Problem statement: Pictures in the entries below are to be left out; otherwise, reproduce exactly the lines from the first through the line containing "Во Струга беа".

Material provided:
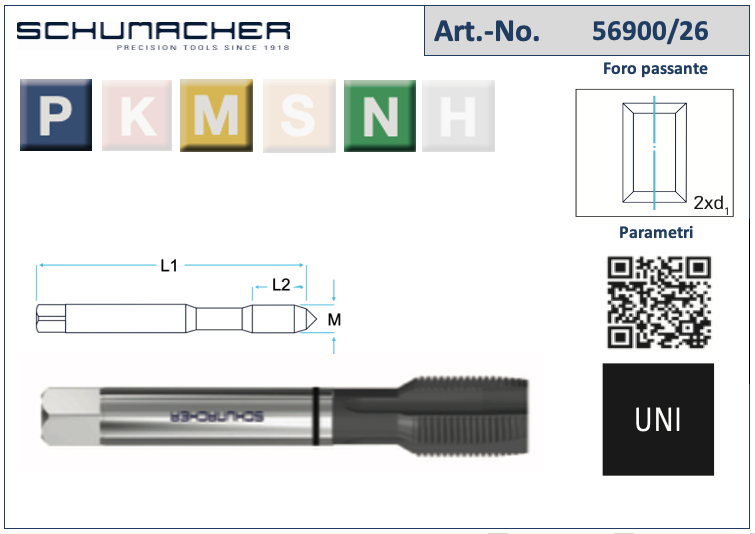 | Codice | Descrizione | Diametro Lavoro Maschio (DLM) | Tipo Maschio | Rivestimento | Lunghezza Utile (l) | Lunghezza (L) | Imbocco | Disp. | |||||||||||||||
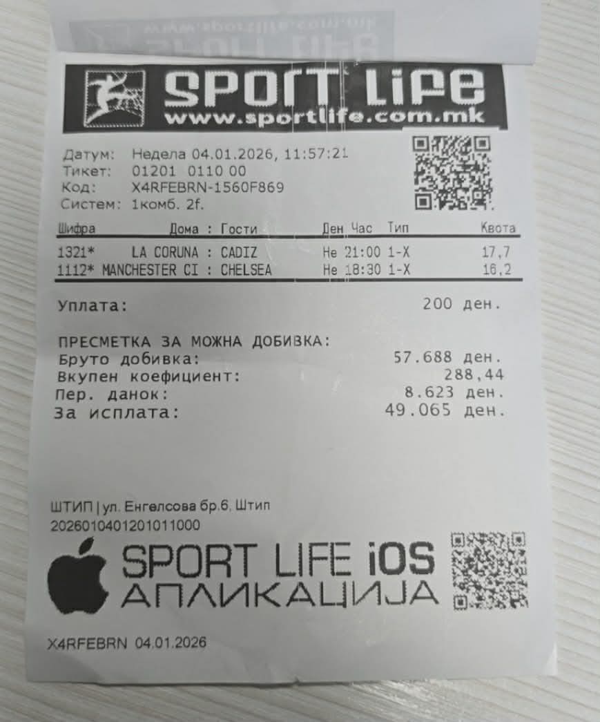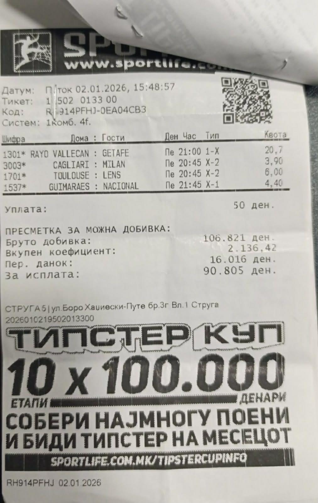 Во Струга беа одиграни четири меча и со уплата од само 50 денари, играчот дојде до нето добивка од 90.805 денари. Квотите на добитниот тикет се движеа помеѓу 3.90 и 20.70.
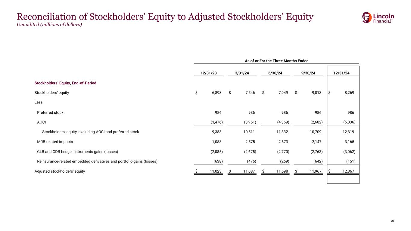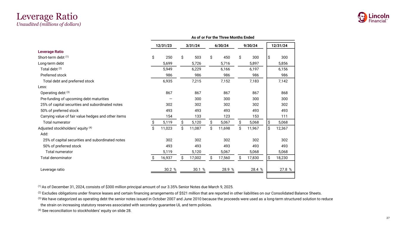 27 Leverage Ratio Unaudited (millions of dollars) As of or For the Three Months Ended 12/31/23 3/31/24 6/30/24 9/30/24 12/31/24 Leverage Ratio Short-term debt (1) $ 250 $ 503 $ 450 $ 300 $ 300 Long-term debt 5,699 5,726 5,716 5,897 5,856 Total debt (2) 5,949 6,229 6,166 6,197 6,156 Preferred stock 986 986 986 986 986 Total debt and preferred stock 6,935 7,215 7,152 7,183 7,142 Less: Operating debt (3) 867 867 867 867 868 Pre-funding of upcoming debt maturities — 300 300 300 300 25% of capital securities and subordinated notes 302 302 302 302 302 50% of preferred stock 493 493 493 493 493 Carrying value of fair value hedges and other items 154 133 123 153 111 Total numerator $ 5,119 $ 5,120 $ 5,067 $ 5,068 $ 5,068 Adjusted stockholders’ equity (4) $ 11,023 $ 11,087 $ 11,698 $ 11,967 $ 12,367 Add: 25% of capital securities and subordinated notes 302 302 302 302 302 50% of preferred stock 493 493 493 493 493 Total numerator 5,119 5,120 5,067 5,068 5,068 Total denominator $ 16,937 $ 17,002 $ 17,560 $ 17,830 $ 18,230 Leverage ratio 30.2 % 30.1 % 28.9 % 28.4 % 27.8 % (1) As of December 31, 2024, consists of $300 million principal amount of our 3.35% Senior Notes due March 9, 2025. (2) Excludes obligations under finance leases and certain financing arrangements of $521 million that are reported in other liabilities on our Consolidated Balance Sheets. (3) We have categorized as operating debt the senior notes issued in October 2007 and June 2010 because the proceeds were used as a long-term structured solution to reduce the strain on increasing statutory reserves associated with secondary guarantee UL and term policies. (4) See reconciliation to stockholders’ equity on slide 28.
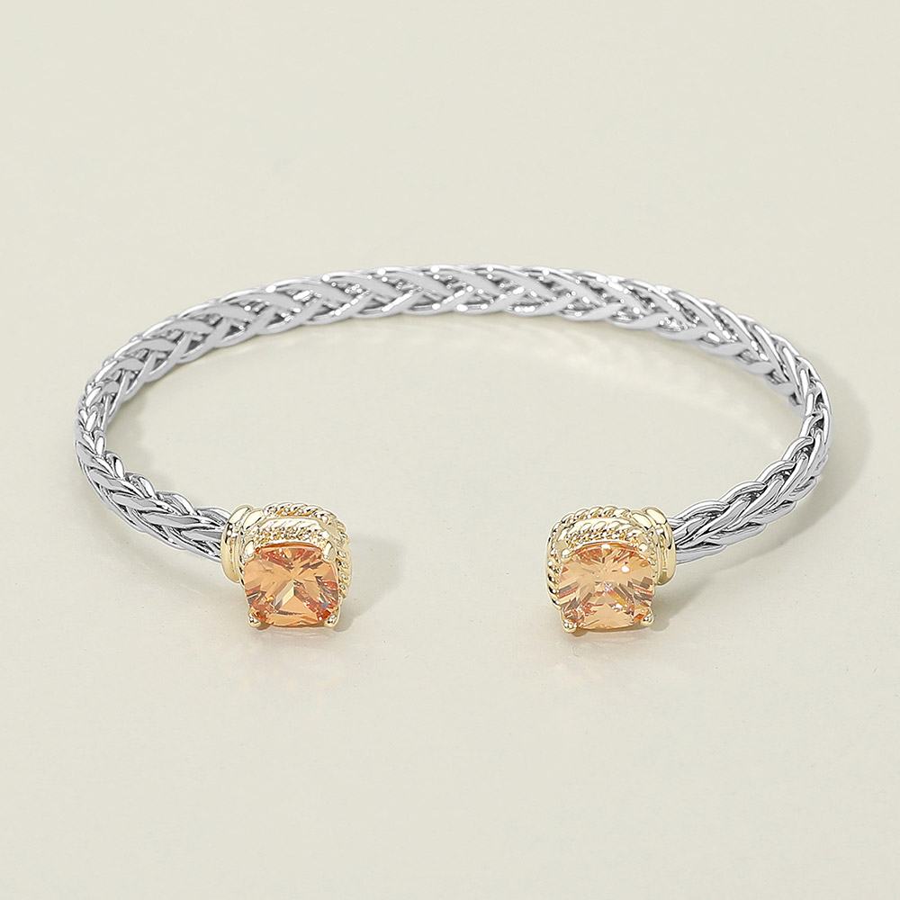 • Refined open cuff bracelet featuring a braided band and square crystal end details. Designed with a structured silhouette and elegant sparkle, this versatile accessory pairs effortlessly with casual or dress looks and layers beautifully with other bracelets for curated styling.
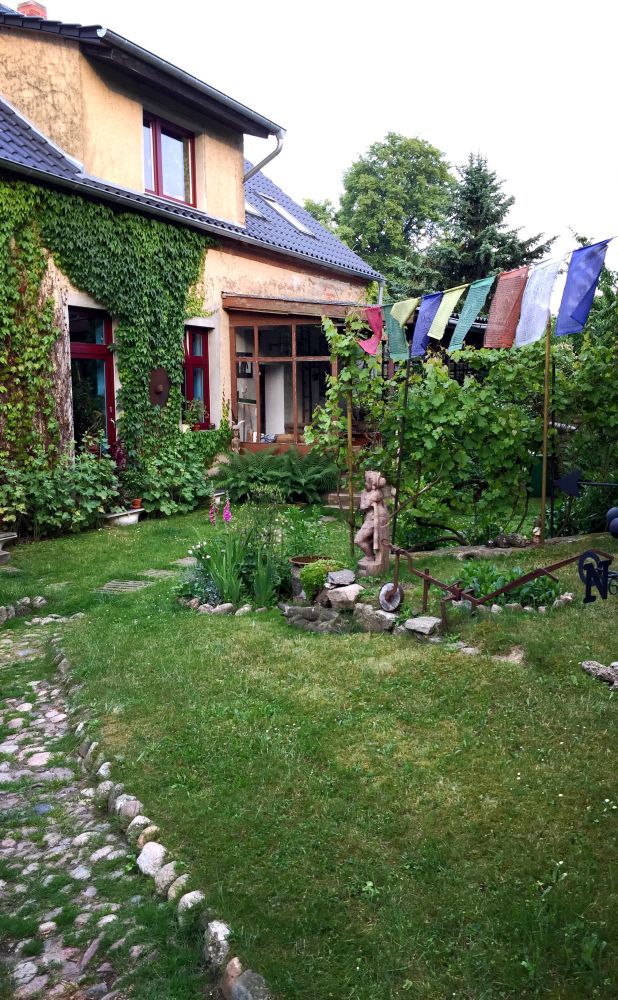 Ankommen und genießenStilvoll renovierte Mehrbettzimmer, zum Teil mit antiken asiatischen Möbeln ausgestattet, bieten maximal 16 Gästen Platz. Eine große Tafel im Eßraum, oder in der warmen Jahreszeit auch die Veranda oder der Garten laden ein zum gemeinsamen Essen und Austausch. Der Seminarraum (50qm) verfügt über einen Holzboden, große Fenstertüren zum Garten, Musikanlage, Sitzkissen und Decken.. Die vegetarische Küche mit Kräutern, Früchten und Gemüse aus dem eigenen Garten ist ein besonderes Highlight. Wir bewirtschaften den Garten biologisch.

Output for this exercise:
 | Codice | Descrizione | Diametro Lavoro Maschio (DLM) | Tipo Maschio | Rivestimento | Lunghezza Utile (l) | Lunghezza (L) | Imbocco | Disp. | |||||||||||||||
 Во Струга беа одиграни четири меча и со уплата од само 50 денари, играчот дојде до нето добивка од 90.805 денари. Квотите на добитниот тикет се движеа помеѓу 3.90 и 20.70.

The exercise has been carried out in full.